Sketch of a 1D random textured polycrystal. Arrows indicate the direction of the [100] direction of each crystal

The algorithm presented in Sect. 3 is used to compute the dispersion diagram of 40 different random polycrystals with grain size distributions having mean grain size \({\bar{D}}=50 \mu \)m. Three cases are considered, two of them asume real Ni properties with A=2.45 and (a) monodisperse grain size distribution, or (b) Gaussian distribution with standard deviation equal to the average grain size. The third case, (c) corresponds to the Gaussian distribution and an extremely anisotropic single crystals, with A=10. The results are represented in Fig. 8 where the angular frequency is normalized by \(\Omega _0=L/2\pi c_0\) with \(c_0\) defined as the wave speed for an equivalent homogeneous medium with homogenized Young’s modulus \({\overline{E}}\).

$$\begin{aligned} c_0=\sqrt{\frac{\overline{E}}{\rho }}, \quad \frac{1}{\overline{E}} =\frac{1}{L}\sum _i D_i\frac{1}{E_i}, \end{aligned}$$

(39)

where \(E_i\) and \(D_i\) correspond to the Young’s modulus and density of crystal i, respectively.

Fig. 8

Dispersion diagram of 40 different 1D polycrystals with \({\bar{D}}=50\). a Zener parameter =2.45 and monodisperse grain size b Zener parameter =2.45 and polydisperse grain size, c Zener parameter =10 and polydisperse grain size

Figure 8 shows that, due to their random microstructures, each polycrystal produced a dispersion diagram slightly different from the rest and, when representing all the diagrams together, the plot appears as an indivudual dispersion diagram, but with the curves thickened.

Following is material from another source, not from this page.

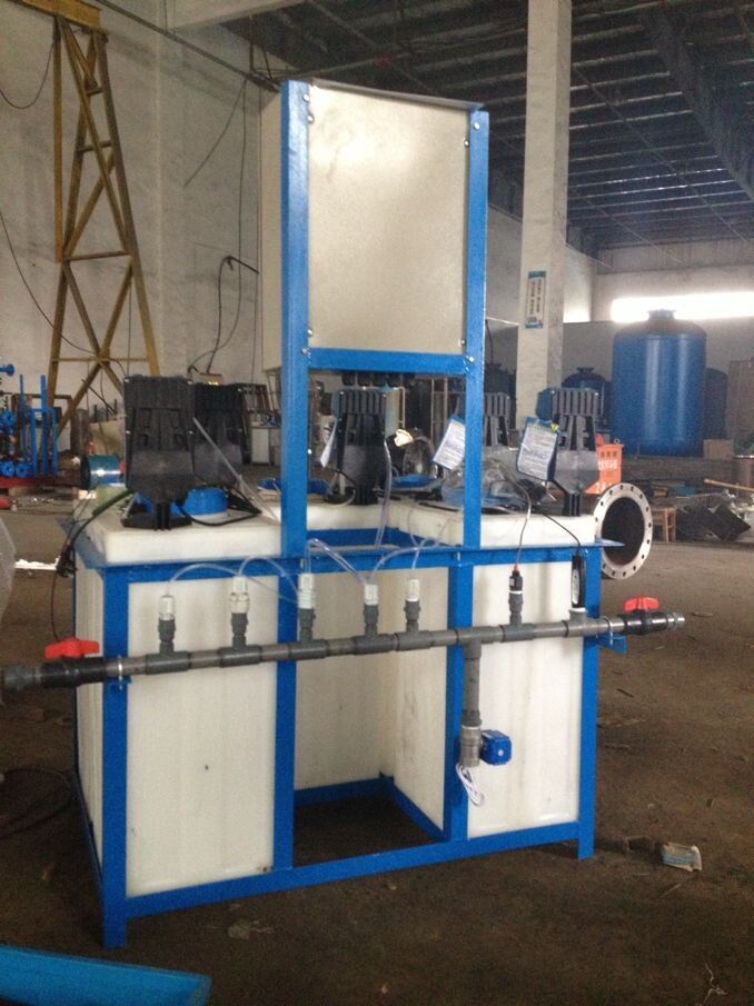 全自动加药装置的详细描述: 产品介绍: 中央空调/工业循环冷却水系统都将面临腐蚀、结垢和生物粘泥附着三大隐患,导致传热效率降低、能耗增加,设备锈蚀、管道堵塞或渗漏等一系列故障隐患,缩短设备寿命周期。目前,消除上述隐患的办法有多种,如臭氧法、超低频振动法以及化学净化法(投加阻垢剂、缓蚀剂和杀菌-灭藻剂)。后者最为常用,一次性设备投入较低,但对药剂的投加有一定要求,如适量、均匀、连续或定时,否则可能达不到预期效果,或增加运行费用。实践表明:采用自动加药技术及成套设备是提高设备效率、延长使用寿命、减少运行费用、强化管理工作的有效手段。 工作原理:从系统供回水主管道上分别连接小管道至自动加药装置,形成一个循环管路。装置通过高精度在线水质检测设备,跟踪循环水质变化,并控制加药泵自动实时定量向水中添加药剂,达到相对应的水处理效果。同时,装置检测循环冷却水的浓缩倍数,实现定量自动排污,确保冷却水的浓缩倍数处于经济合理的范围内,以充分发挥药剂作用,节约排污水量。 菲洛克自动加药装置组成:(一) 定量自动加药装置用途:定量投加阻垢剂、缓蚀剂、杀菌灭藻剂。配置:(1) 计量泵SECO(意大利原装进口),(也可根据用户需要选择其他品牌计量泵)。流量:1.0~20L/hr,压力0.1/0.5/0.6/0.8/1.0Mpa; 加药速率可连续设定。(2) 药箱PE,60-200L(容积可扩大至500L),附液位下限开关;(3) 定量注水-配药系统(选项)根据浓缩药液或粉剂数量设定注水量,自动注水配置药液;(4) 搅拌机(选项)交流单相电容电机220V/50Hz;不锈钢轴、PVC或不锈钢叶轮;根据补水流量信号按比例加药。(二)浓缩倍数保持系统用途:在线监测循环水电导率,连续显示水体中可溶性物质浓度变化情况。当电导率到达上限设定值(与最适浓缩倍数对应)时自动开启排污电磁阀;当电导率回复到下限设定值时关闭电磁阀,停止排污。配置:(1) 在线式电导率检测仪1套(传感器安装在工艺管道上或流动测量池中)(2) 补水流量计:电远传水表(DN80以下)或叶轮式流量传感器(DN80以上)(3) 排污阀:电磁阀(DN80以下)或电动阀(DN80以上)(三)控制箱用途:实现上述子系统自动化操作,包括:(1) 按补水流量比例控制2组或3组定量加药装置;自周一至周日每天设置3段时间定时加药。(2) 自动排污(3) 药箱液位底限报警、自动停泵(4) 搅拌机运行控制(选项)(5) 配药注水量控制(选项)(6) ‘手动-自动’操作转换配置:(1)可编程控制器LOGO-PLC(西门子)(2) 辅助电器 产品特点:? 以系统共设计为主体,克服了以单一设备或部件为设计主体的传统产品存在的系统性差的缺陷;? 吸取国外加药装置的精华,以全新的设计理念,使工艺更优化;? 产品结构模块化设计,一体化组合,可方便地进行能力和功能扩展;? 可根据不同的水质和用户的不同要求,灵活的配置最佳方案;? 国内外多种着名品牌、不同材质、各种档次的设备及部件,用户可任意选配;? 任选择手动、自动等多种控制方式,实现不同控制要求。应用范围: 产品分类:菲洛克循环冷却水自动加药系统主要包括两部分:其一,自动投加适量的阻垢剂、缓蚀剂和杀菌灭藻剂;其二,自动保持适宜的浓缩倍数或循环水电导率。1、FLK-A型功能:① 加药泵可工作在手动/自动两种运行模式。运行在“自动”模式时,由可编程时间控制器设定加药泵每天的运行时间段;运行在“手动”模式时,由操作人员按启动/停止按钮;② 加药泵为半自动操作计量泵。设定加药速度后即自行以恒定速率加药;③ 药箱内药剂液位低达下限时,自动停泵和发出声光报警信号。2、FLK-B型功能:有些用户要求带有搅拌机,故在FLK-A型基础上增加搅拌机及其控制器。3、FLK-C型功能:药液多为浓缩型或粉剂,必须注入适当水量稀释或溶解粉剂。配置同FLK-B型,增加配药用远传水表、注水电磁阀和控制电器。加入浓缩药液或粉剂后,按照设定的水流量值自动注入自来水,直至达到设定值时停止注水;与此同时自动开动搅拌机工作。4、FLK-D型 功能:① 在线监测循环水体的电导率,间接反映“浓缩倍数”(循环电导率/补充水电导率)。当电导率达到上限值时,自动开启排污阀和充水阀;当电导率恢复到下限设定值时,自动关闭排污阀和补充水阀。② 其他功能同FLK-B型。5、FLK-E型(集中操作型,PLC控制)适用于多套空调机组集中控制,控制柜操作盘上印有模拟控制流程图.根据用户实际需求可增加测量补充水电导率仪1台,冷却塔进、出口温度变送器各1台,集水池液位计1台以及pH计、浊度计、余氯分析仪等。设计造型说明:(1)化学加药设计依据:◆冷却水系统容易结垢、磁生微生物及腐蚀,冷冻水系统主要控制腐蚀、结垢及少量微生物。采用人工加药方法投药为间断性、冲击性投加,投加精确度也不够,无法直接根据系统参数精确计算需投加量,因此因安装带在线控制仪的全自动智能控制加药设备。◆各指标控制在正常范围内时,水质处于最佳状态,对管线的腐蚀、结垢控制在最低限,对管线起到良好的保护作用,延长管线使用寿命。可与自控VA系统连接,实现计算机远程控制,实现信息管理,对日后运转成本可大幅降低。(2)化学加药设计思路:◆药剂加药口位于系统动力泵吸口处,可保证系统加药的及时性,并确保水中指标符合规定指标。◆加药循环系统管线管道泵可保证在线检测数据的准确性,即在线检测数据能充分反映冷却水系水质状况

The widths of the curves correspond to the statistical dispersion. The curves corresponding to the first eigenvalue and small k are almost coinciding since they represent incident wave lengths much larger than periodic length and grain size. Differences increase with the eigenvalue number, since for the same k the different eigenvalues correspond to waves with same wave number reduced to the first Brioullin zone k, but decreasing wave length. If p is the eigenvalue number, \(p=1,2,3\ldots \), then \(\omega _p(k)\) is the frequency corresponding to a wave of length \(\lambda _p\) given by

$$\begin{aligned} \lambda _p= \frac{2\pi }{k+\frac{2\pi p}{L}} \end{aligned}$$

(40)

In all cases, the superposition of curves gets thicker near the diagram edges \(k=0,k=\pi /L\). This is because the total polycrystal length is equal to an integer number wave lengths for those k values. This effect is an artefact related to the polycrystal’s periodicity. It can be observed that differences between polycrystals increase (i.e. curves get thicker) with the grain size distribution range (Fig. 8a, b) and, for the same grain size distribution, differences increase with crystal anisotropy (Fig. 8b, c).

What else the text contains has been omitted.